从 r 的嵌套列表中的第一项的总和中减去一个

Question

I have an initial nested list (list of lists) of vectors of integers with NA values randomly replacing some integers. Within a nested list, if one vector contains all NA values, it needs to be broken up into two lists (or more, if more than one vector in the nested list contains all NA s). I ultimately need a vector of values that sums the length nested lists minus 1, ie sum(lengths(list[[i]]-1 , where i is the list of vectors in the nested list, and removes any values less than or equal to 0.

So far I have been able to do this, but realized that if a list is 'artificially' broken into 2+ lists, I only need to subtract one from the first position of the nested list. Furthermore, if the first position of the nested list is NA , the subsequent lists in the nested list do not need to be subtracted by 1.

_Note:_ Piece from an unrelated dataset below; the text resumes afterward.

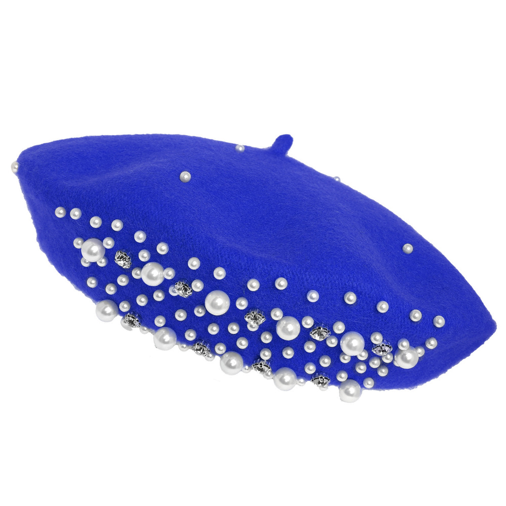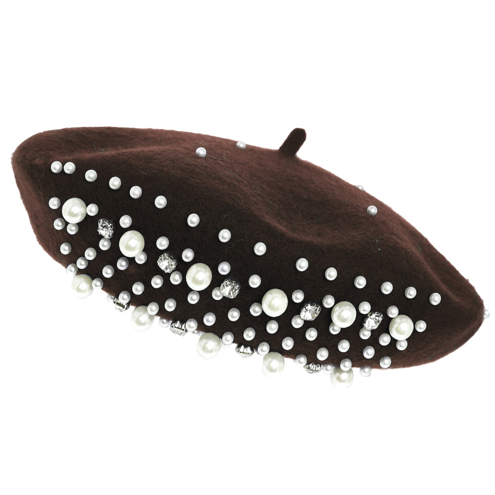 PEARL RHINESTONE EMBELLISHED WOOL BLEND FRENCH BERET

Below is some sample code that provides examples of the full nested list, the nested list with NA values randomly assigned, and the final desired vector of sums for the example lists.

#Full List
L.full<-list(list(1,3,c(0,2,0),c(0,0)),list(1,6,c(0,3,2,0,1,0),c(0,0,0,1,0,0),1,2,c(0,1),2,c(0,0)),
             list(1,0),list(1,0),list(1,4,c(2,0,0,0),c(4,1),c(1,0,0,0,0),0),list(1,0))
#Nested list with "random" NAs
L.miss<-list(list(1,3,c(0,NA,0),c(0,0)),list(1,6,c(0,3,NA,0,NA,0),c(0,NA,0,1,0,0),1,NA,c(0,1),2,c(0,0)),
             list(1,NA),list(1,0),list(1,NA,c(NA,0,0,0),c(NA,NA),c(1,0,0,NA,0),0),list(1,0))
#Desired final output
L.want<-c(5,11,5,1,3,5,1)

The below code may be a bit inelegant but almost gets me where I need to be; it outputs the final vector as [5,11,4,1,2,4,1] , not the desired [5,11,5,1,3,5,1] . How can I have the code subtract one from just the first element in the list, if it is present?

#Break apart 
test<-lapply(lapply(seq_along(L.miss), function(nm) {split(L.miss[[nm]], cumsum(sapply(L.miss[[nm]], function(x) all(is.na(x)))))}), function(lstA) lapply(lstA,function(x) Filter(function(y) !all(is.na(y)), x)))
#Bring the nested list up a level
test2<-unlist(test,recursive=FALSE)
#Remove NA values
test3<-rapply(test2,function(x) x[!is.na(x)], how="replace") #remove NAs
#Sum nested lists
test4<-integer()
for (i in 1:length(test3)){
  test4[i]<-sum(lengths(test3[[i]]))-1
} 
test5<-test4[test4>0] #remove values <=0

Thank you - if this question is too specific for this forum, please let me know and I will remove it.

Answer 1

I think I solved it - it was much simpler to delete the first position in the initial L.miss nested list then ignore the whole "minus 1" altogether:

#Delete first instance
l<-L.miss
for (i in 1:length(l)){
  l[[i]][[1]]<-NULL
}

#Same code as above but for loop sums without -1
test<-lapply(lapply(seq_along(l), function(nm) {split(l[[nm]], cumsum(sapply(l[[nm]], function(x) all(is.na(x)))))}), function(lstA) lapply(lstA,function(x) Filter(function(y) !all(is.na(y)), x)))
test2<-unlist(test,recursive=FALSE)
test3<-rapply(test2,function(x) x[!is.na(x)], how="replace") #remove NAs
test4<-integer()
for (i in 1:length(test3)){
  test4[i]<-sum(lengths(test3[[i]]))
} 
test5<-test4[test4>0] #remove values <=0

#result
#> test5
#[1]  5 11  5  1  3  5  1